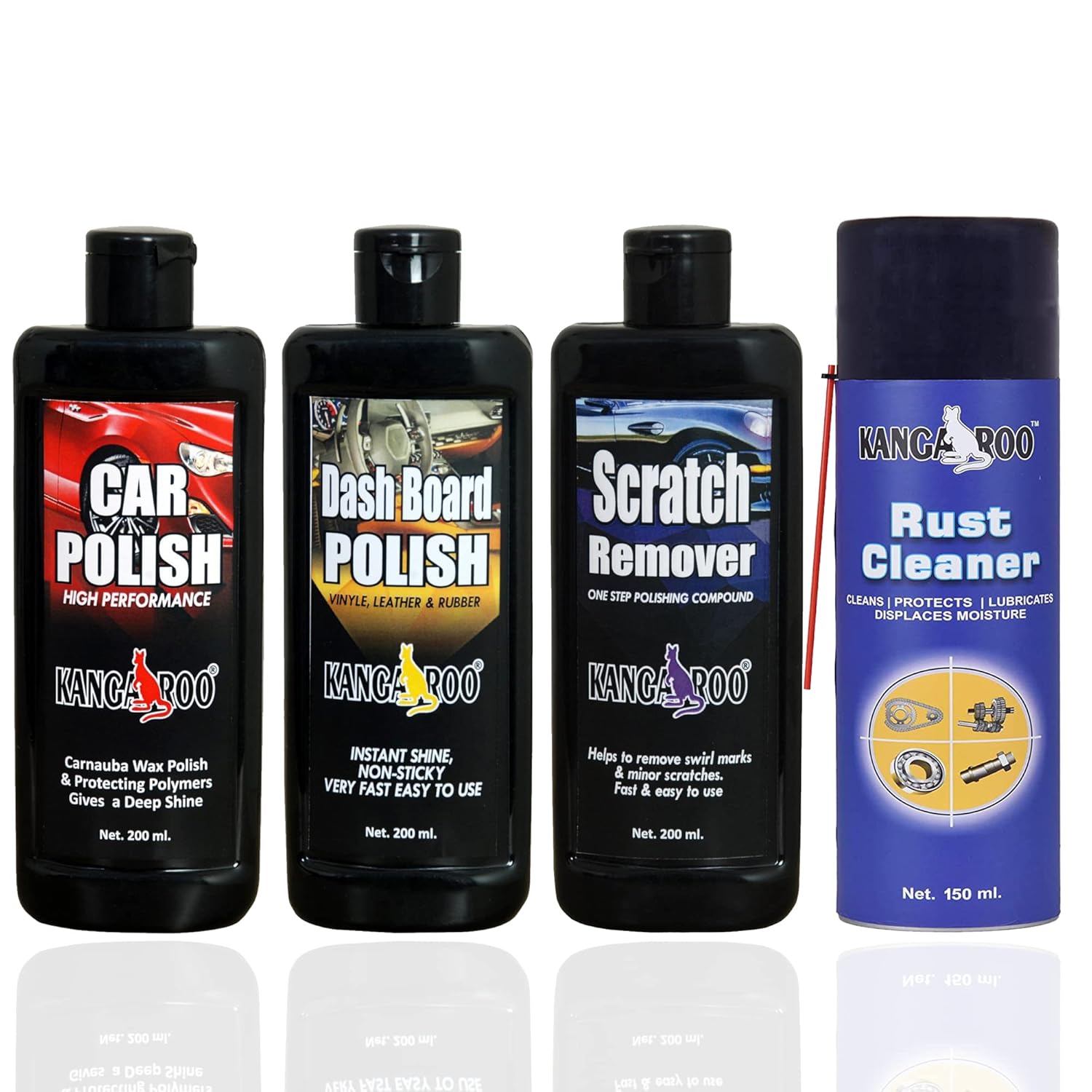 Kangaroo® Car Care Kit Include (Car Polish, Dashboard Polish, Scratch Remover, 200 ML Each and Multipurpose Rust Cleaner Spray
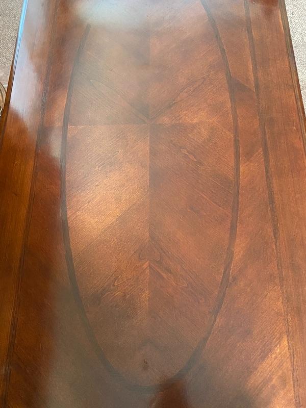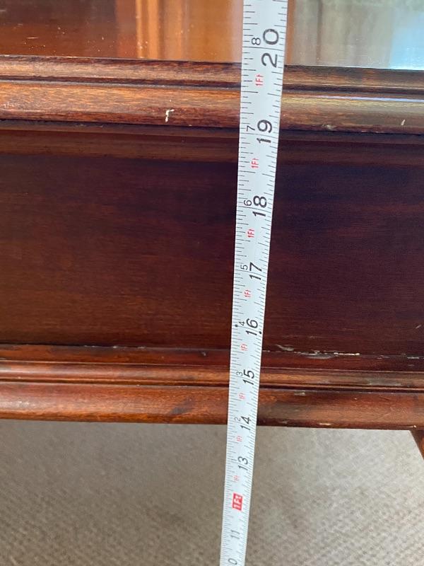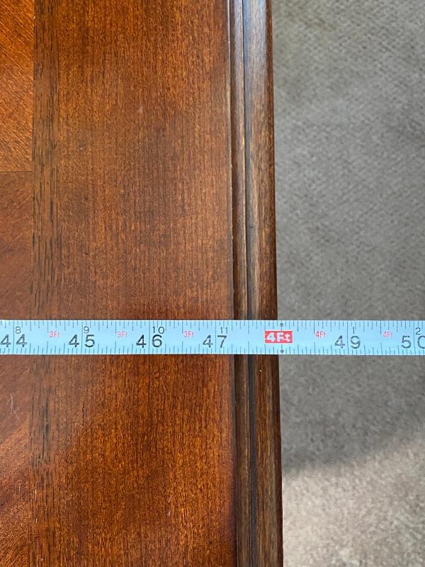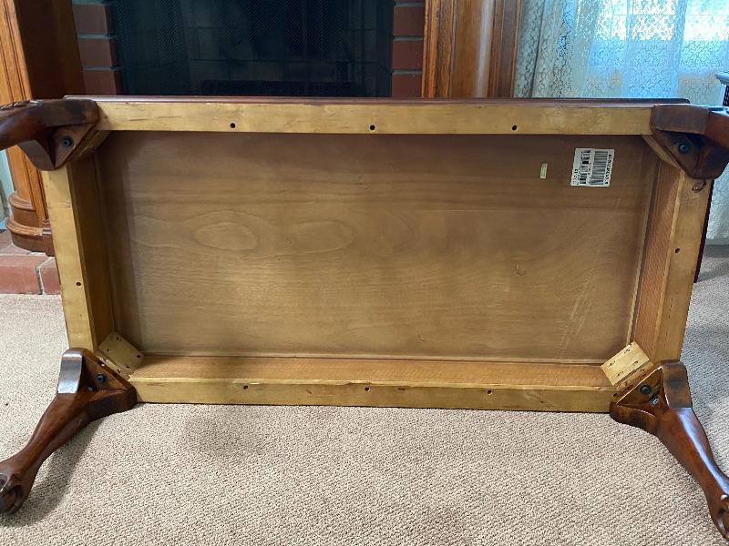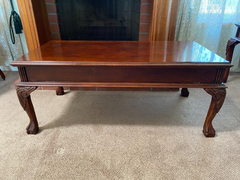 Newer mahogany coffee table. Claw foot design legs. In good condition, no obvious scratches to the surface. One leg is loose and needs to be tightened up. Matches end tables up for auction.. Measures 4'x24" and is 20" tall. #24-10006
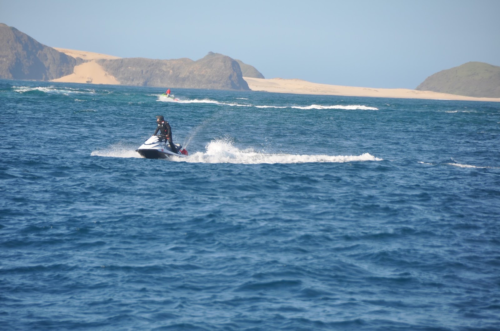 Not long, as it turned out. By noon, we were sighting the first group at Cape KariKari, and the wind freshened up, soon to reach 20 knots, and a nasty chop was kicking the riders sideways.
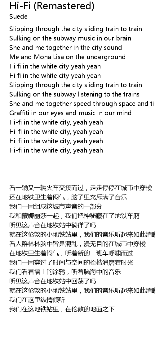 Hi-fi in the white city, yeah yeah |
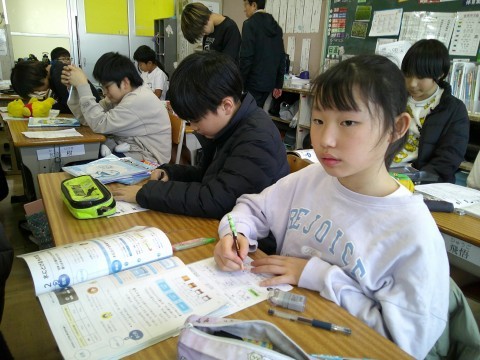 ものの溶け方について先日実験した考察などをプリントにまとめていました。
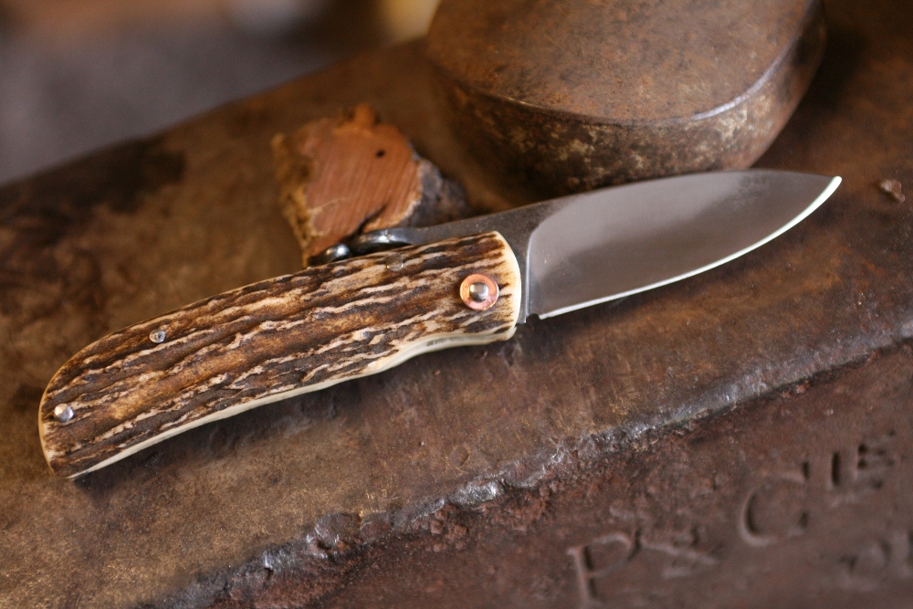 La lame a été faite en stock removal avec intercalaire en XC75 et a subi des normalisations puis une trempe sélective et un revenu "sauvage". La lime ne mord pas et après affutage, le tranchant est très satisfaisant et tient bien dans le temps.
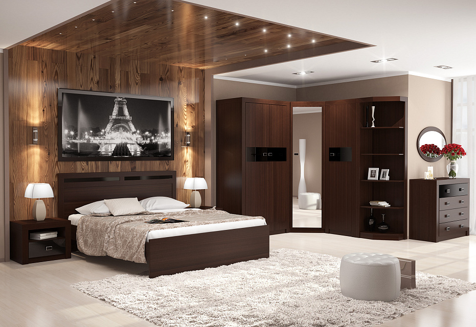 Оформление спальни Модена выполнено на контрастах: прямых и плавных изгибов, матовых и блестящих поверхностей – всё это создает очень тонкий и детальный интерьер, которому задаёт успокаивающий и уютный тон цветовое исполнение «орех вирджиния». Такое решение подойдет для людей с неординарным вкусом и любовью к изящному.
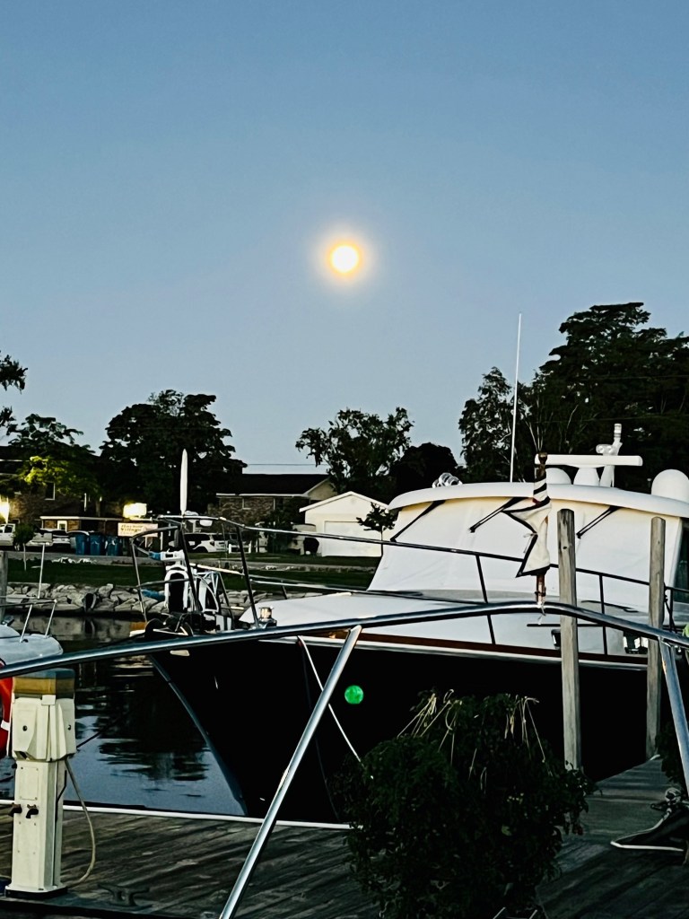 The dock hands are the usual teenagers who tell us about their school and sports, etc. ‘Reece’ even gives us a restaurant tip – Keeper’s Fish Shack – where her sister works. We do eat dinner there and it’s the best perch ever. Nothing fancy, just good food. It’s a family owned business – they live winters in the Keys.

- - - -

The stretch to restate runs from the line above containing "ものの溶け方について先日実験した考察などをプリントにまとめていました。" through the line containing "La lame a été". Copy it word for word, ends included, without pictures.

 ものの溶け方について先日実験した考察などをプリントにまとめていました。
 La lame a été faite en stock removal avec intercalaire en XC75 et a subi des normalisations puis une trempe sélective et un revenu "sauvage". La lime ne mord pas et après affutage, le tranchant est très satisfaisant et tient bien dans le temps.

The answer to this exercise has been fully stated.